Since its debut in 2010, Man V Food has become more than just a TV show. It’s developed into a kind of shorthand friendship tool. If you ask a stranger about Man V Food, and they respond by widening their eyes, gasping with recognition and frantically recounting all the vast wodges of meat they’ve seen Richman demolish, you know you’ll be in good company.
Slowly, by word of mouth, it has blossomed into something of a cultural touchstone for a generation. The premise is disarmingly simple: one man travels around various American foodie spots — the kind of fast and dirty eateries where you’re given a free T-shirt if you can stuff an entire farmyard into your mouth in an hour — and essentially eats everything in sight. One early episode saw him take on a burger as big as a barstool cushion. Elsewhere, challenges have involved 180 oysters, a pile of violently hot chicken wings, and two gallons of ice cream.
If that sounds obscene, it’s because it often is. Stumble across an even slightly meat-centric episode of Man V Food and you’ll be presented by wave after wave of glistening animal carcass in gruesome close-up, all charred and fatty and dripping with barbecue sauce.
Man V Food could quite easily slip into the realm of banality but it doesn’t. The reason, quite simply, is its host. A former bit-part actor — he played a policeman in an episode of Law & Order six years ago — it wasn’t until Man V Food that Adam Richman found his true calling. The key to the show’s success, Richman claims, is its accessibility. “We can’t all play basketball like Kobe Bryant or footie like Wayne Rooney,” he says, “but we can all do some pretty significant damage to a delicious meal. I think that at our hungriest, people surprise themselves at what they’re able to eat.”
This isn’t strictly true. Any idiot can eat more than they should. But if you or I tried to present Man V Food, it’d be a disaster. We’d get full. We’d get surly. We’d catch sight of our gravy-covered chin in the back of a spoon and we’d become so ravaged by self-esteem issues that we’d clomp out into the street crying and retching.
Not Adam Richman, though. He makes excessive greediness look like a hoot. He’s in his element on the show: funny, intelligent and endlessly enthusiastic. To watch Adam Richman on Man V Food is to briefly wish you were Adam Richman. At least until you start imagining how catastrophic his trips to the toilet must be.
“There may have been some discomfort here and there,” he admits, “but I’d always prepare. Usually I would do a cleanse after the challenge and then get right on the treadmill.” But some challenges must have been harder than others. Which does he prefer, a quantity challenge or a heat challenge? “It’s really a case-by-case basis. If you do a quantity challenge, the problem you’d face would be a starchy challenge. If it has a lot of potatoes, a lot of bread or fried elements, that’s difficult. With heat challenges, challenges that use the whole pepper are much, much easier than ones that use pepper extract. That’s concentrated, and also devoid of flavour. It’s just heat. To me, I also felt that the better chefs worked with the real pepper. It’s about finding the balance between heat and taste. I could give you a chip, buddy, and you could put ghost chilli extract on it, and it instantly becomes a deathly hot dish. But there’s no artistry in it. A good spicy challenge strikes a balance between flavour and fear.”

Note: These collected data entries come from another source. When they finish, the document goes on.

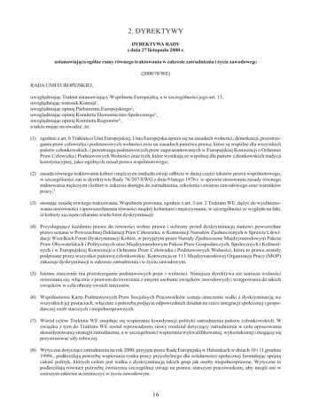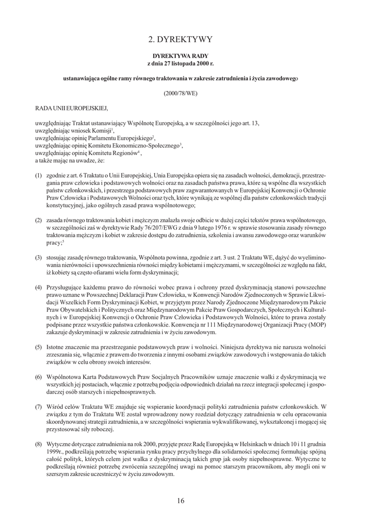 2. DYREKTYWY DYREKTYWA RADY z dnia 27 listopada 2000 r. ustanawiaj¹ca ogólne ramy równego traktowania w zakresie zatrudnienia i ¿ycia zawodowego (2000/78/WE) RADA UNII EUROPEJSKIEJ, uwzglêdniaj¹c Traktat ustanawiaj¹cy Wspólnotê Europejsk¹, a w szczególnoci jego art. 13, uwzglêdniaj¹c wniosek Komisji1, uwzglêdniaj¹c opiniê Parlamentu Europejskiego2, uwzglêdniaj¹c opiniê Komitetu Ekonomiczno-Spo³ecznego 3, uwzglêdniaj¹c opiniê Komitetu Regionów4 , a tak¿e maj¹c na uwadze, ¿e: (1) zgodnie z art. 6 Traktatu o Unii Europejskiej, Unia Europejska opiera siê na zasadach wolnoci, demokracji, przestrzegania praw cz³owieka i podstawowych wolnoci oraz na zasadach pañstwa prawa, które s¹ wspólne dla wszystkich pañstw cz³onkowskich, i przestrzega podstawowych praw zagwarantowanych w Europejskiej Konwencji o Ochronie Praw Cz³owieka i Podstawowych Wolnoci oraz tych, które wynikaj¹ ze wspólnej dla pañstw cz³onkowskich tradycji konstytucyjnej, jako ogólnych zasad prawa wspólnotowego; (2) zasada równego traktowania kobiet i mê¿czyzn znalaz³a swoje odbicie w du¿ej czêci tekstów prawa wspólnotowego, w szczególnoci za w dyrektywie Rady 76/207/EWG z dnia 9 lutego 1976 r. w sprawie stosowania zasady równego traktowania mê¿czyzn i kobiet w zakresie dostêpu do zatrudnienia, szkolenia i awansu zawodowego oraz warunków pracy;5 (3) stosuj¹c zasadê równego traktowania, Wspólnota powinna, zgodnie z art. 3 ust. 2 Traktatu WE, d¹¿yæ do wyeliminowania nierównoci i upowszechnienia równoci miêdzy kobietami i mê¿czyznami, w szczególnoci ze wzglêdu na fakt, i¿ kobiety s¹ czêsto ofiarami wielu form dyskryminacji; (4) Przys³uguj¹ce ka¿demu prawo do równoci wobec prawa i ochrony przed dyskryminacj¹ stanowi powszechne prawo uznane w Powszechnej Deklaracji Praw Cz³owieka, w Konwencji Narodów Zjednoczonych w Sprawie Likwidacji Wszelkich Form Dyskryminacji Kobiet, w przyjêtym przez Narody Zjednoczone Miêdzynarodowym Pakcie Praw Obywatelskich i Politycznych oraz Miêdzynarodowym Pakcie Praw Gospodarczych, Spo³ecznych i Kulturalnych i w Europejskiej Konwencji o Ochronie Praw Cz³owieka i Podstawowych Wolnoci, które to prawa zosta³y podpisane przez wszystkie pañstwa cz³onkowskie. Konwencja nr 111 Miêdzynarodowej Organizacji Pracy (MOP) zakazuje dyskryminacji w zakresie zatrudnienia i w ¿yciu zawodowym. (5) Istotne znaczenie ma przestrzeganie podstawowych praw i wolnoci. Niniejsza dyrektywa nie narusza wolnoci zrzeszania siê, w³¹cznie z prawem do tworzenia z innymi osobami zwi¹zków zawodowych i wstêpowania do takich zwi¹zków w celu obrony swoich interesów. (6) Wspólnotowa Karta Podstawowych Praw Socjalnych Pracowników uznaje znaczenie walki z dyskryminacj¹ we wszystkich jej postaciach, w³¹cznie z potrzeb¹ podjêcia odpowiednich dzia³añ na rzecz integracji spo³ecznej i gospodarczej osób starszych i niepe³nosprawnych. (7) Wród celów Traktatu WE znajduje siê wspieranie koordynacji polityki zatrudnienia pañstw cz³onkowskich. W zwi¹zku z tym do Traktatu WE zosta³ wprowadzony nowy rozdzia³ dotycz¹cy zatrudnienia w celu opracowania skoordynowanej strategii zatrudnienia, a w szczególnoci wspierania wykwalifikowanej, wykszta³conej i mog¹cej siê przystosowaæ si³y roboczej. (8) Wytyczne dotycz¹ce zatrudnienia na rok 2000, przyjête przez Radê Europejsk¹ w Helsinkach w dniach 10 i 11 grudnia 1999r., podkrelaj¹ potrzebê wspierania rynku pracy przychylnego dla solidarnoci spo³ecznej formu³uj¹c spójn¹ ca³oæ polityk, których celem jest walka z dyskryminacj¹ takich grup jak osoby niepe³nosprawne. Wytyczne te podkrelaj¹ równie¿ potrzebê zwrócenia szczególnej uwagi na pomoc starszym pracownikom, aby mogli oni w szerszym zakresie uczestniczyæ w ¿yciu zawodowym. 16 (9) Zatrudnienie i praca s¹ podstawowymi elementami maj¹cymi zapewniæ równoæ szans dla wszystkich i w szerokim zakresie przyczyniaj¹ siê do pe³nego uczestnictwa obywateli w ¿yciu, gospodarczym, kulturalnym i spo³ecznym oraz do ich rozwoju. (10) W dniu 29 czerwca 2000r. Rada przyjê³a dyrektywê w sprawie stosowania zasady równego traktowania osób bez wzglêdu na pochodzenie rasowe lub etniczne6, która ju¿ zapewnia ochronê przed tego rodzaju dyskryminacj¹ na polu zatrudnienia i pracy. (11) Dyskryminacja ze wzglêdu na religiê lub przekonania, niepe³nosprawnoæ, wiek lub orientacjê seksualn¹ mo¿e byæ przeszkod¹ w realizacji celów Traktatu WE, w szczególnoci w zakresie zatrudnienia i zabezpieczenia spo³ecznego, podnoszenia poziomu i jakoci ¿ycia, spójnoci gospodarczej i spo³ecznej, solidarnoci i wolnego przep³ywu osób. (12) W tym celu wszelka dyskryminacja ze wzglêdu na wyznawan¹ religiê lub przekonania, niepe³nosprawnoæ, wiek lub orientacjê seksualn¹ w zakresie regulowanym niniejsz¹ dyrektyw¹ powinna byæ zakazana na ca³ym obszarze Wspólnoty. Zakaz dyskryminacji powinien równie¿ dotyczyæ obywateli pañstw trzecich, ale nie obejmie on odmiennego traktowania ze wzglêdu na narodowoæ i nie narusza przepisów reguluj¹cych wjazd i pobyt obywateli pañstw trzecich oraz ich dostêp do zatrudnienia i pracy. (13) Niniejszej procedury nie stosuje siê do uregulowañ w zakresie ubezpieczenia i zabezpieczenia spo³ecznego, których korzyci nie s¹ to¿same z dochodami w znaczeniu nadanym temu terminowi dla celów stosowania art. 141 Traktatu WE ani do wszelkiego rodzaju p³atnoci dokonywanych przez pañstwo, których celem jest dostêp do zatrudnienia lub utrzymanie zatrudnienia. (14) Niniejsza dyrektywa nie narusza przepisów krajowych okrelaj¹cych wiek emerytalny. (15) Ocena faktów, na podstawie których mo¿na wnosiæ o wyst¹pieniu bezporedniej i poredniej dyskryminacji nale¿y do s¹du lub innego w³aciwego organu krajowego, zgodnie z prawem krajowym lub praktyk¹ krajow¹, które mog¹ stanowiæ, w szczególnoci, ¿e fakt wystêpowania dyskryminacji poredniej mo¿na udowodniæ z wykorzystaniem wszelkich rodk
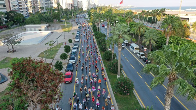 Hafta kapsamında Büyükşehir Belediyesi’nin katkılarıyla ‘Süslü Kadınlar Bisiklet Turu’ düzenlendi. Sahil boyunca rengarenk kıyafetleriyle bisiklet süren kadınlar, sürdürülebilir ve aktif bir ulaşım farkındalığı için pedal çevirdi.
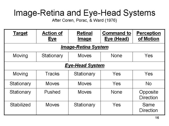 The effective stimulus for motion, then is the discrepancy between information provided by the image-retina and eye/head systems.
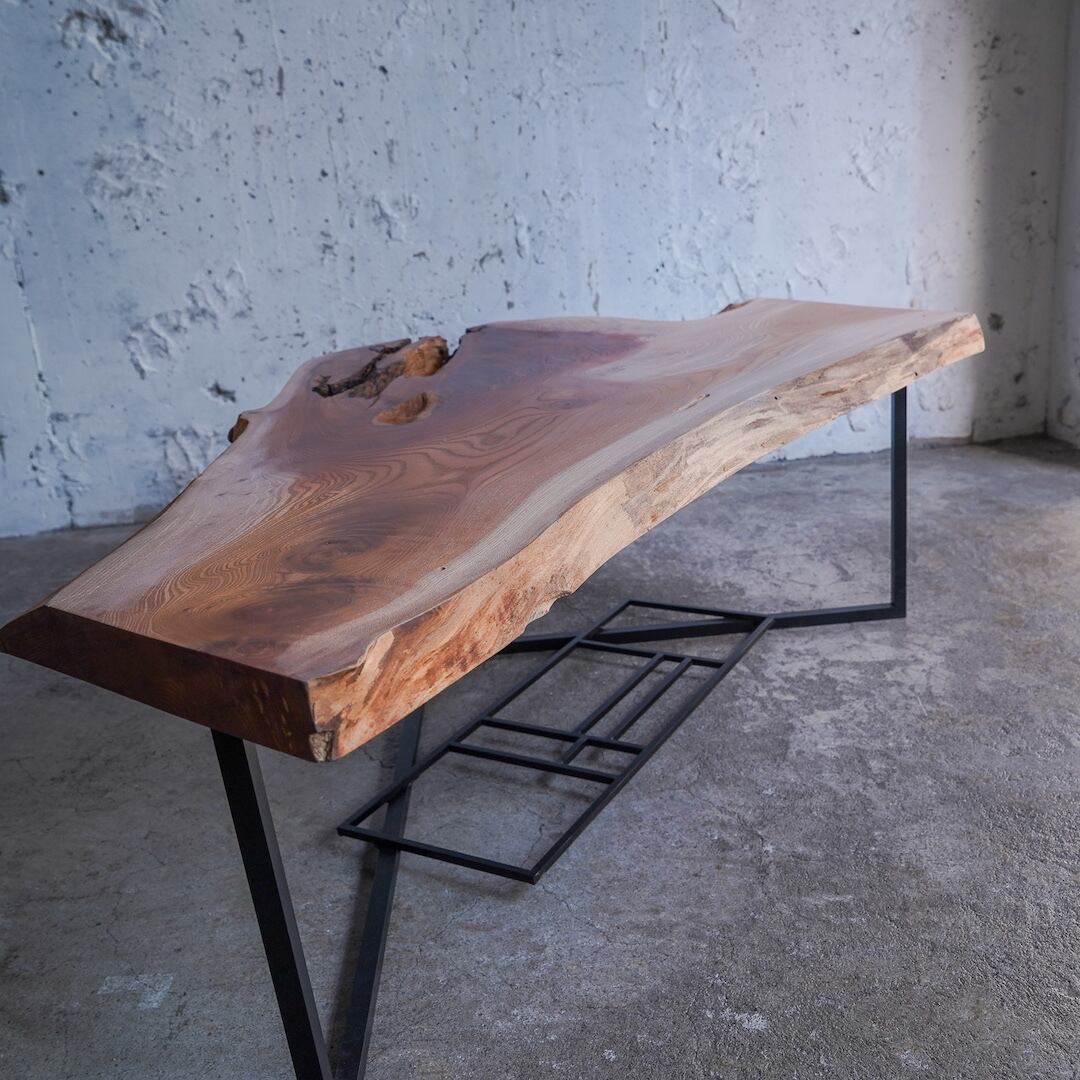 色が最も濃いサバ杢部分→心材部分→辺材部分の濃→淡が美しい欅の一枚板ローテーブルです。加工してはじめて分かる良木感。どっしり重厚なので女性一人では持ち上げられないかもしれません。
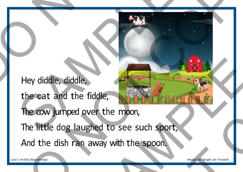 A4 Kleurbladsy - Die koei spring oor die maan rympie.
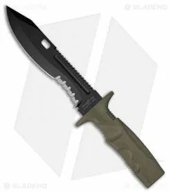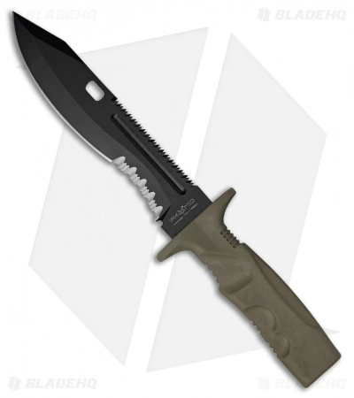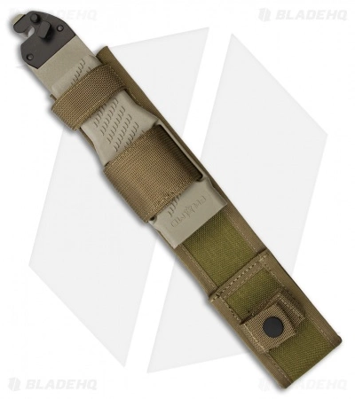 Made from Bohler N690Co stainless steel the 7.25″ blade features an aggressive profile with prominent tip, sweeping belly and serrations. Coated in a black TiNi finish, the non-reflective finish is perfect for operators who need stealth on their side. Able to attach to standard bayonet fixtures, the hand guard provides added security in hand to hand combat. Comfortable tan Forprene handles provide a secure grip in hand while the ballistic nylon MOLLE compatible sheath can be carried in a variety of different methods.
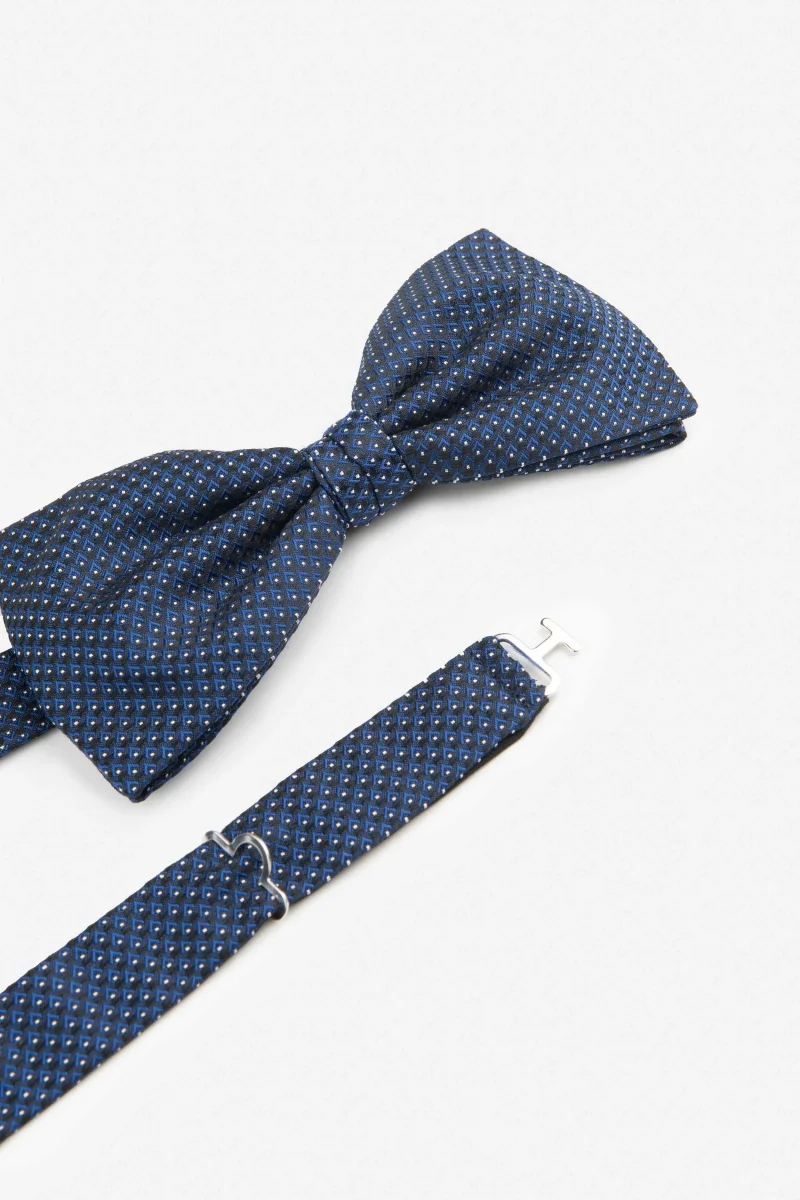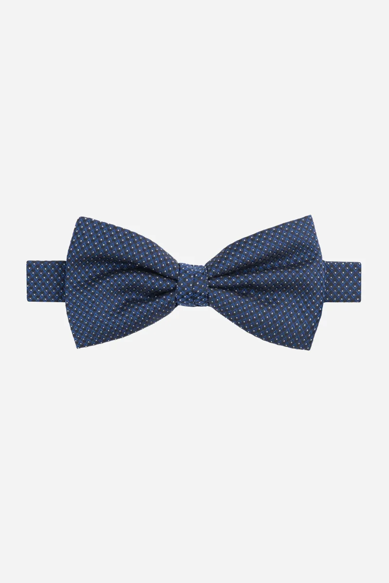 Papillon jacquard fantasia a pois. Indossalo eventualmente in coordinato con gilet e pochette abbinati per un look da cerimonia in completo ad un abito grigio antracite o ad un abito blu navy. Made in Italy

What if someone gave me a massive burger right now? How should I go about attacking it? “Oh my gosh. Come in hungry. What I used to do was lots of working out ahead of time to get my metabolism and my appetite up. I would be hydrated but not overly so. I’d use condiments to change up the flavour. I’d eat as much as I could in the first 20-25 minutes.” After a pause, he goes on. “It’s been so long since I did a challenge, it’s funny to be talking about it.”
Now seems like an appropriate time to break this to you: Man V Food is no more. Back in January, Adam announced his retirement from the show in a single Facebook post. So why bow out now?
“The simplest way to put it is to say that the spectacle diminishes over time,” he says. “As a producer, if nothing else, I had to be aware of giving my audience something that they wanted to see. I believe that if you wait for your audience to say they want to see something new, you’ve waited too long.”
There are signs of this restlessness in the recalibrated final series of Man V Food. Going by the name of Man V Food Nation, it sees Adam sample some of the gargantuan dishes that he’s become famous for, but this time it’s members of the public who rise to the food challenges. Although sharing the limelight can sometimes dilute the glee of the original premise, it makes sense for Richman to split the burden of all that food. Besides, he’s adamant that he had a ball filming it.
“These challenges were made iconic by the locals who did them. There’s no way that I could have known about a 2kg steak challenge in Amarillo unless thousands upon thousands of locals and travellers alike had attempted it. I guess if Man V Food is me paying homage to these legends, then I suppose Man V Food Nation is the legacy. Everywhere I travelled, people would say, ‘Hey, you gotta see my brother eat, you gotta see my father eat, you gotta see my friend eat.’ There is nothing like watching a hometown hero being cheered on by his friends in a restaurant that he or she would normally frequent. That’s the nice thing about Man V Food Nation. Truly, it’s a celebration of all of us.”
But, even though Adam’s days of challenges are over, he hasn’t given up on food entirely. “Adam Richman’s Best Sandwich In America is the name of the show I’m working on now. It’s a competition. Ten regions, three sandwiches per region, resulting in ten regional champions. Those ten compete for the title of my personal favourite sandwich in the whole country.”
Adam Richman’s Best Sandwich In America isn’t Man V Food. Man V Food Nation isn’t even Man V Food. But what is? Others have tried to replicate its winning formula. Like Man V Food, shows such as Diners Drive-Ins And Dives, Kid In A Candy Store, Outrageous Food and Monster Munchies all celebrate food as spectacle. But unlike Man V Food, they’re usually obnoxious. These shows haven’t enjoyed the same crossover success, and Richman knows it. “This isn’t chicken and the egg. We know which came first,” he says. “I went, I filmed them, I did them, it was the progenitor of the form and I believe that what’s first will always be best. If imitation is the sincerest form of flattery, then I should be very flattered.”
— Guardian News and Media Limited
MAN V FOOD: THE ONES THAT GOT AWAY
CARNIVORE PIZZA
Richman roped in a local to aid him in tackling the 30-inch, 5kg Carnivore Pizza. Unfortunately, his assistant couldn’t keep pace with the great man, and was forced to pay a visit to the kerb, forfeiting the challenge in the process.
CROWN CANDY MILKSHAKE
Brain-freeze was Richman’s primary concern going into the Five Milkshake Challenge, but ultimately it was the 3.5l or so of milk sloshing around his stomach that ultimately did for him, in a scene thankfully censored on the show.
GREAT STEAK
Three kilograms of steak and side dishes didn’t look to be much of a challenge at first for Richman, but he soon succumbed to the meat sweats, and, ultimately, the clock, running out of time with only a few mouthfuls left.
THE ABSOLUTELY RIDICULOUS BURGER
Even a 40-person army, with firefighters, hockey players, a Kiss tribute act and, of course, Richman himself were unable to put away the 86kg burger at the time the world’s largest stopping short a mere 22kg away from glory.
FIRE IN YOUR HOLE HOT WINGS
Just five scrawny chicken wings, but our man fell foul of the ghost chilli extract on top. Eyes streaming, Richman was forced to bow out after managing only two.